The IPD-IMGT/HLA Database is composed of sequence entries. Each entry corresponds to a single contiguous sequence as contributed or reported in the literature. In some cases, entries have been assembled from several papers reporting overlapping sequence regions. Conversely a single paper often provides data for several entries.
Structure of an Entry
The entries in the database are structured so as to be usable by human readers as well as by computer programs. The explanations, descriptions, classifications and other comments are in ordinary English, and the symbols and formatting employed for the base sequences themselves have been chosen for readability. Wherever possible, symbols familiar to molecular biologists have been used. At the same time, the structure is systematic enough to allow computer programs easily to read, identify, and manipulate the various types of data included.
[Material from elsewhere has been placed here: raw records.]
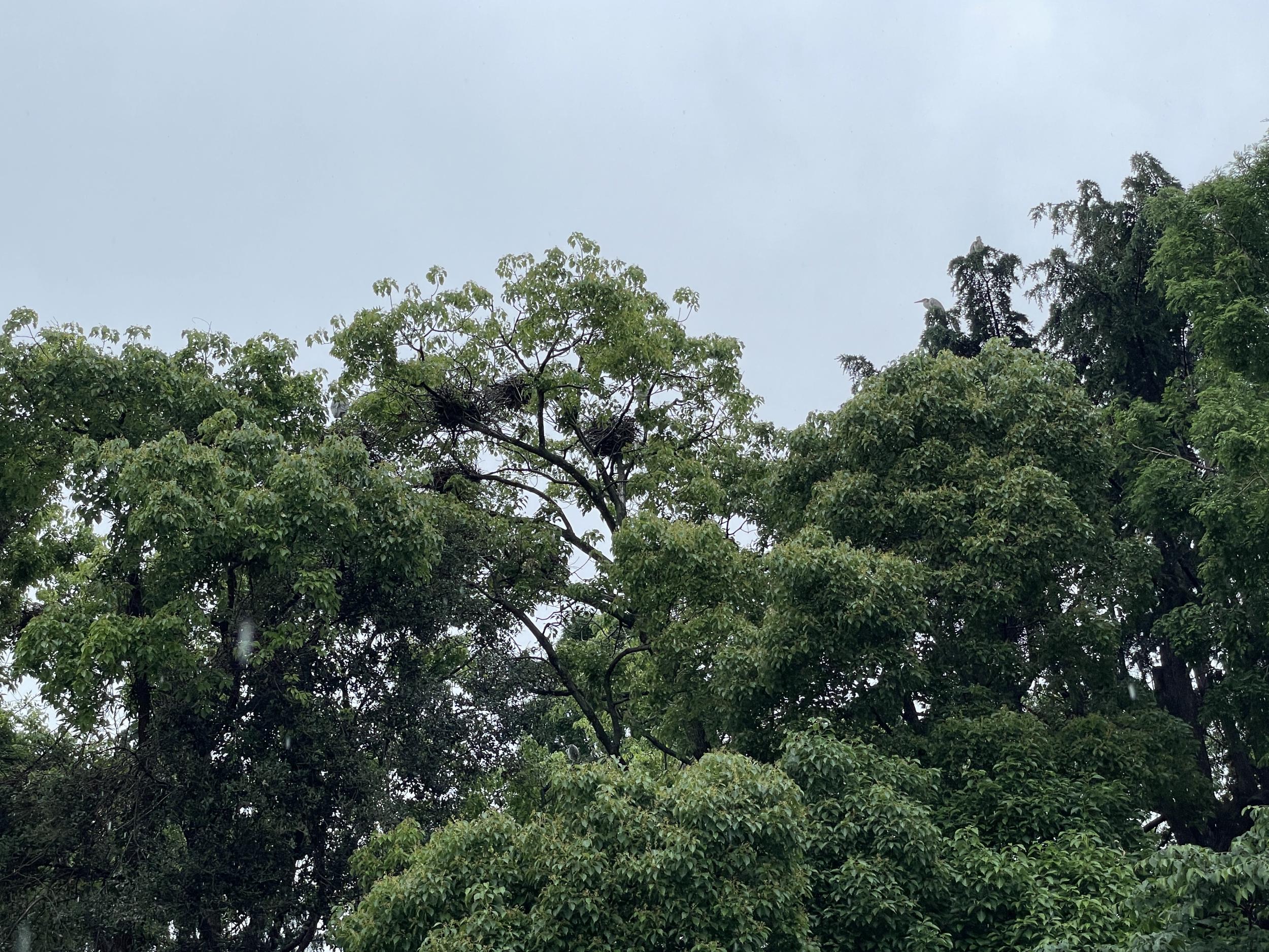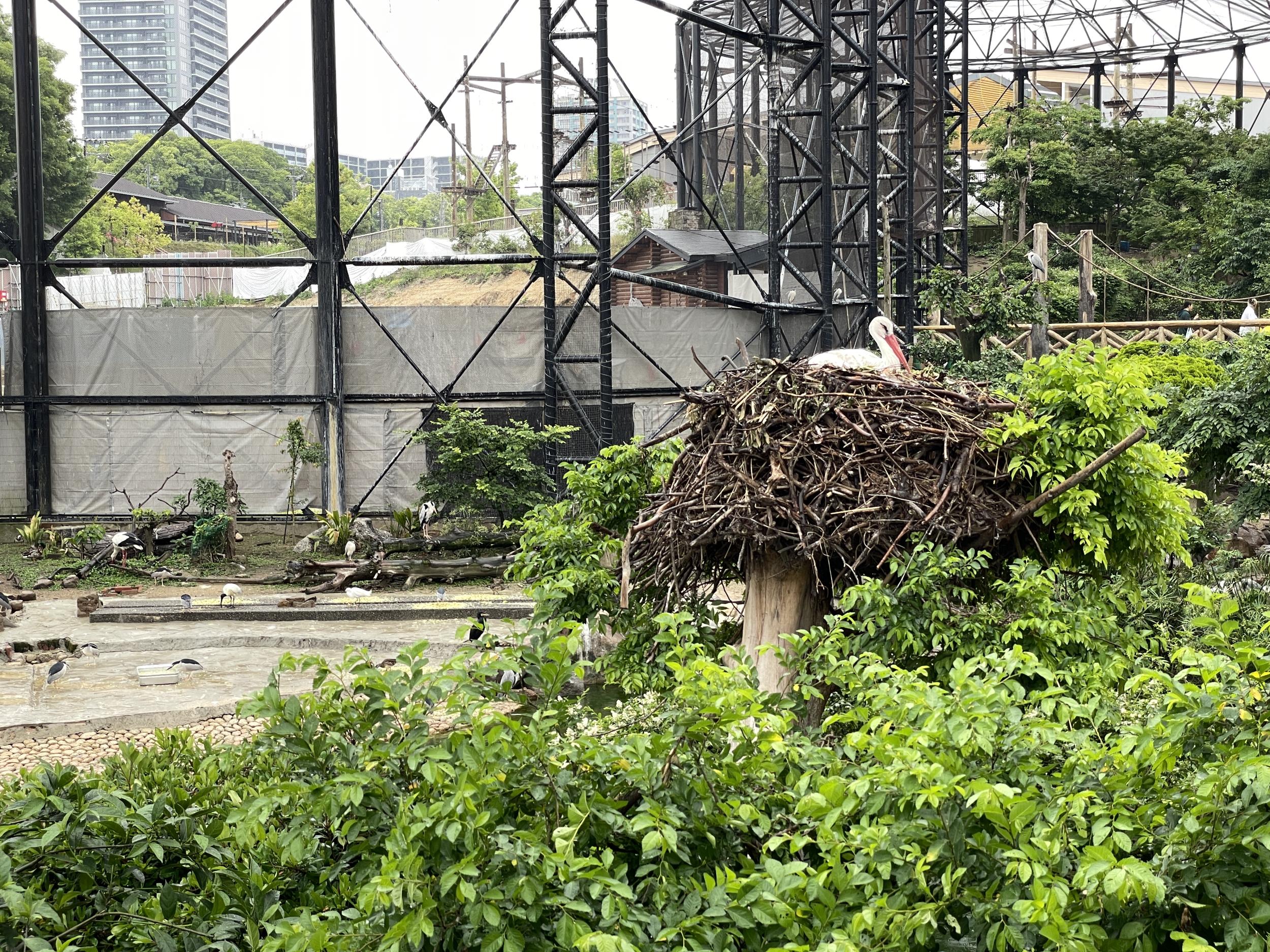 鳥の楽園の外をアオサギが飛んでます。ホッキョクグマの上の木にはアオサギの巣が見えます。
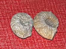 | Fossil shell of Holcodiscus fallax from Alpes-de-Haute-Provence, on display at Galerie de paléontologie et d'anatomie comparée in Paris | |
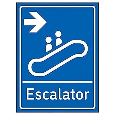 V Safety Escalator Arrow Right 200mm x 300mm Blue Self Adhesive Vinyl
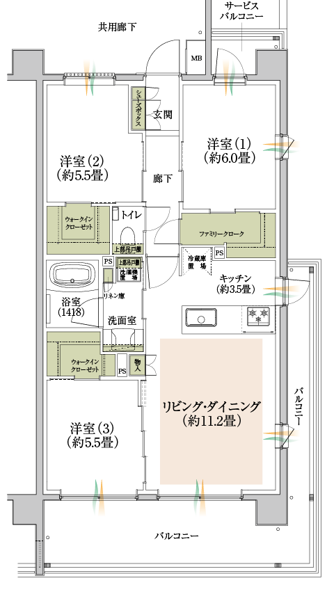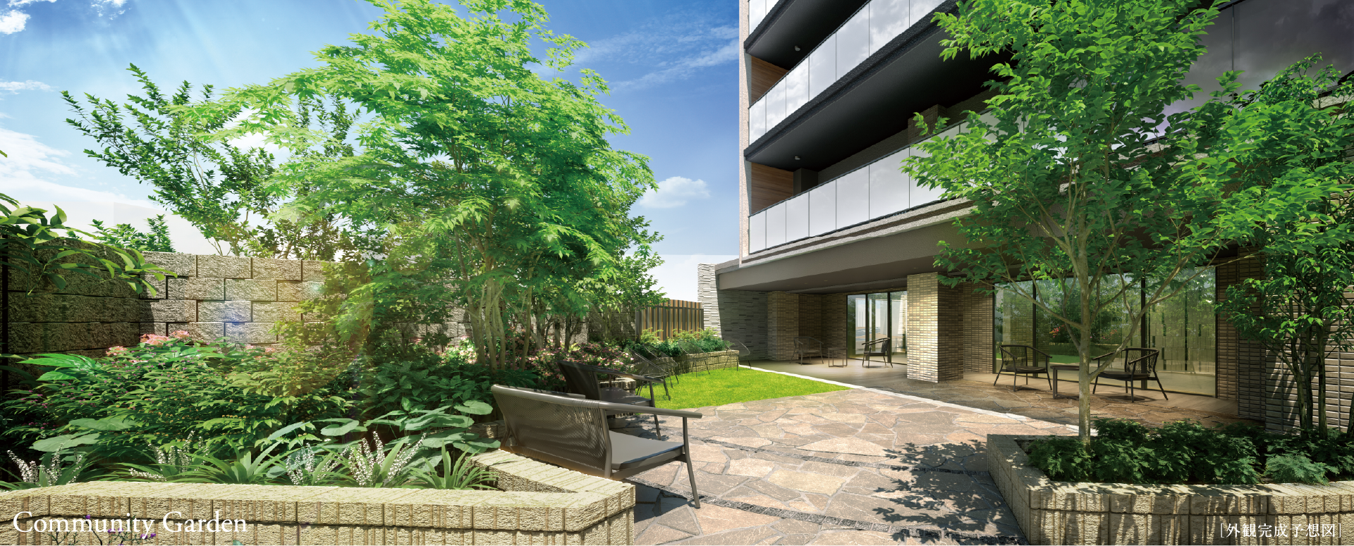 ※掲載の完成予想図は、計画段階の図面を基に描き起こしたもので、実際とは多少異なる場合があります。敷地の植栽の樹種、大きさについては未確定となっており、竣工時には完成予想図程度には成長致しません。植栽は特定の季節の状況を示すものではありません。なお建物外観をご覧いただくために隣地建物等を省略・簡略化しており、実際の風景とは異なります。※掲載の徒歩分数・距離は全て現地からのもので、徒歩分数は80mを1分とし小数点以下を切り上げています。※掲載の写真はモデルルーム(Nタイプ)を撮影したもので家具・調度品やオプション仕様等は販売価格に含まれません。サイズ・形状については住戸により異なる場合がございます。(2025年9月撮影)

Each entry in the database is composed of lines. Different types of lines, each with its own format, are used to record the various types of data which make up the entry. In general, fixed format items have been kept to a minimum, and a more syntax-oriented structure adopted for the lines. The two exceptions to this are the sequence data lines and the feature table lines, for which a fixed format was felt to offer significant advantages to the user. Users who write programs to process the database should not assume anything about the column placement of items on lines other than these two: all other line types are free-format.
Note that each line begins with a two-character line code, which indicates the type of information contained in the line. The currently used line types, along with their respective line codes, are listed below:
- ID - identification (begins each entry; 1 per entry)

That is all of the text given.